Estudiantes y profesorado poseen objetivos y expectativas diferentes sobre el sentido de la experiencia escolar. Cada uno de ellos demanda y experimenta dicha experiencia desde ángulos visuales y emocionales diferenciados. A pesar de la heterogeneidad y diversidad del público escolar (estudiantes), los escolares acuden a los centros escolares —más allá de la obligatoriedad que exige la normativa escolar— guiados por motivaciones extrínsecas (“ser alguien”, “tener una profesión”, “ser importante”, etc.) o intrínsecas (“valorarme”, “aprender valores”, “madurar”, “tener amigos”) (Neut Aguayo, 2024). Para el profesorado, el sentido de la experiencia escolar viene impulsada por el “deseo de enseñar” y de “compartir un mundo con las nuevas generaciones” (Fernández et al., 2020). En ocasiones, los horizontes de sentido de estudiantes y docentes apenas se rozan y es cuando la vida académica de los estudiantes y la profesional del profesorado comienza a resquebrajarse.

El ángulo visual de los estudiantes (espectadores) se realiza, parafraseando a Bujvald (2011), en una dirección: de la butaca al escenario. Por el contrario, el ángulo visual de los docentes adopta la dirección contraria: del escenario al patio de butacas. Para los primeros, venir a clase, estudiar y aprender es un asunto que va a requerir de un ambiente sensorial-perceptivo (principio de impresión) que reúna ciertas cualidades sensorio-afectivas (clases dinámicas y divertidas). Los estudiantes, por lo general, esperan de sus clases y de sus vivencias escolares esferas de resonancia (Betton, 2022; Rosa, 2023; Rosa y Endres, 2022); es decir, espacios amplificadores de experiencias afectivas que les “afecten”, los hagan “vibrar”; para los segundos —aunque no siempre ocurre así para una minoría de docentes— enseñar es un asunto relacional y comunicativo (principio de expresión).

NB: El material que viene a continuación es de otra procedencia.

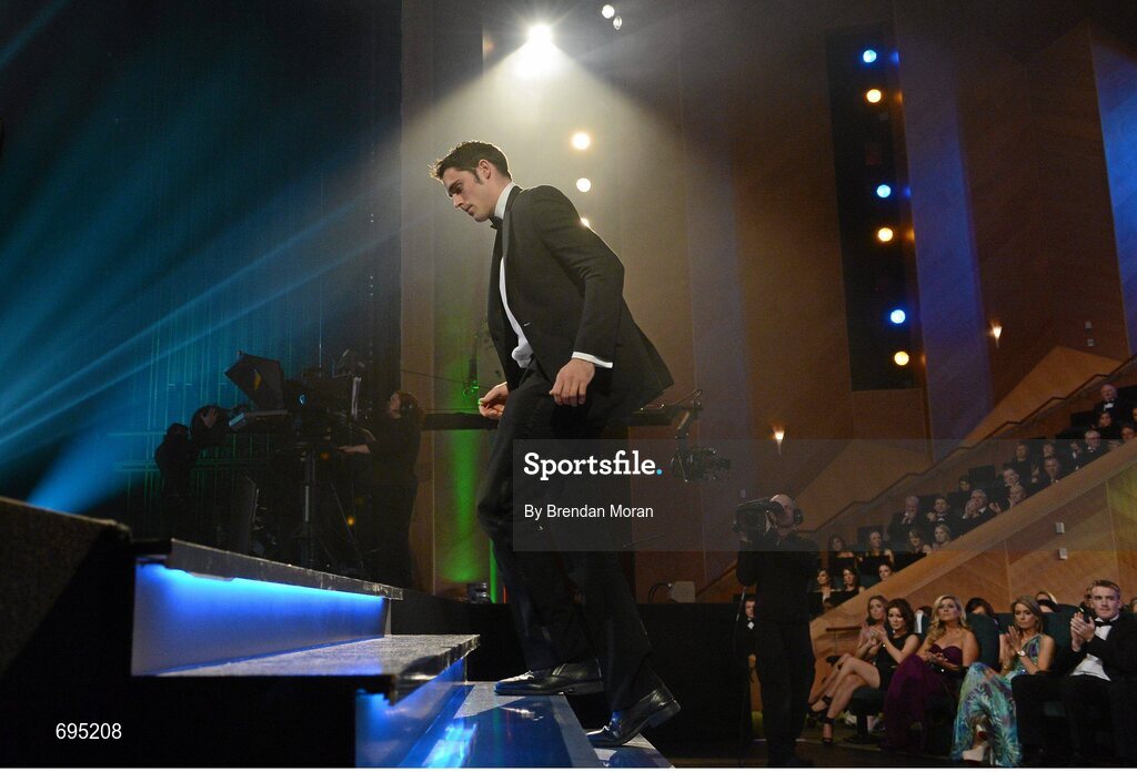 26 October 2012; Clare's Brendan Bugler walks up to receive his 2012 GAA GPA All-Star award, sponsored by Opel. GAA GPA All-Star Awards 2012 Sponsored by Opel, National Convention Centre, Dublin. Picture credit: Brendan Moran / SPORTSFILE

El éxito de la relación educativa, desde la perspectiva del estudiante (espectador) depende en gran medida de la sensibilidad y habilidades relacionales del profesorado para saber lo que los estudiantes desean y necesitan. Si adopta una mirada con una mínima sensibilidad dramatúrgica, el docente sabrá cómo dirigir la mirada de los estudiantes (espectadores) hacia el escenario (foco de atención común). No consiste tanto en una cuestión de métodos pedagógicos como de gestos y rituales de interacción. Un reciente estudio llevado a cabo con noventa escolares de primaria y secundaria de un centro educativo en España, en un contexto con bajo índice socioeconómico y educativo, con el objetivo de identificar los factores facilitadores que favorecen la conexión entre estudiantes y profesorado (García-Rubio et al., 2024) concluyó que “los aspectos personales del docente, así como su actitud ante la profesión y la relación con el alumnado, son mucho más trascendentales en el enganche de los estudiantes que los aspectos relacionados con la pedagogía utilizada en el aula” (p. 361). La implicación e interés del profesorado por todo lo que les sucede a sus estudiantes, la actitud empática y respetuosa hacia ellos, junto con el trato alegre e, incluso divertido hacia el grupo clase, junto con sus habilidades docentes (explicaciones claras, resolución de dudas, uso de metodologías diversas con todo tipo de recursos, clases participativas y dinámicas empleando en ocasiones el juego) caracterizan las claves del profesorado que “engancha”.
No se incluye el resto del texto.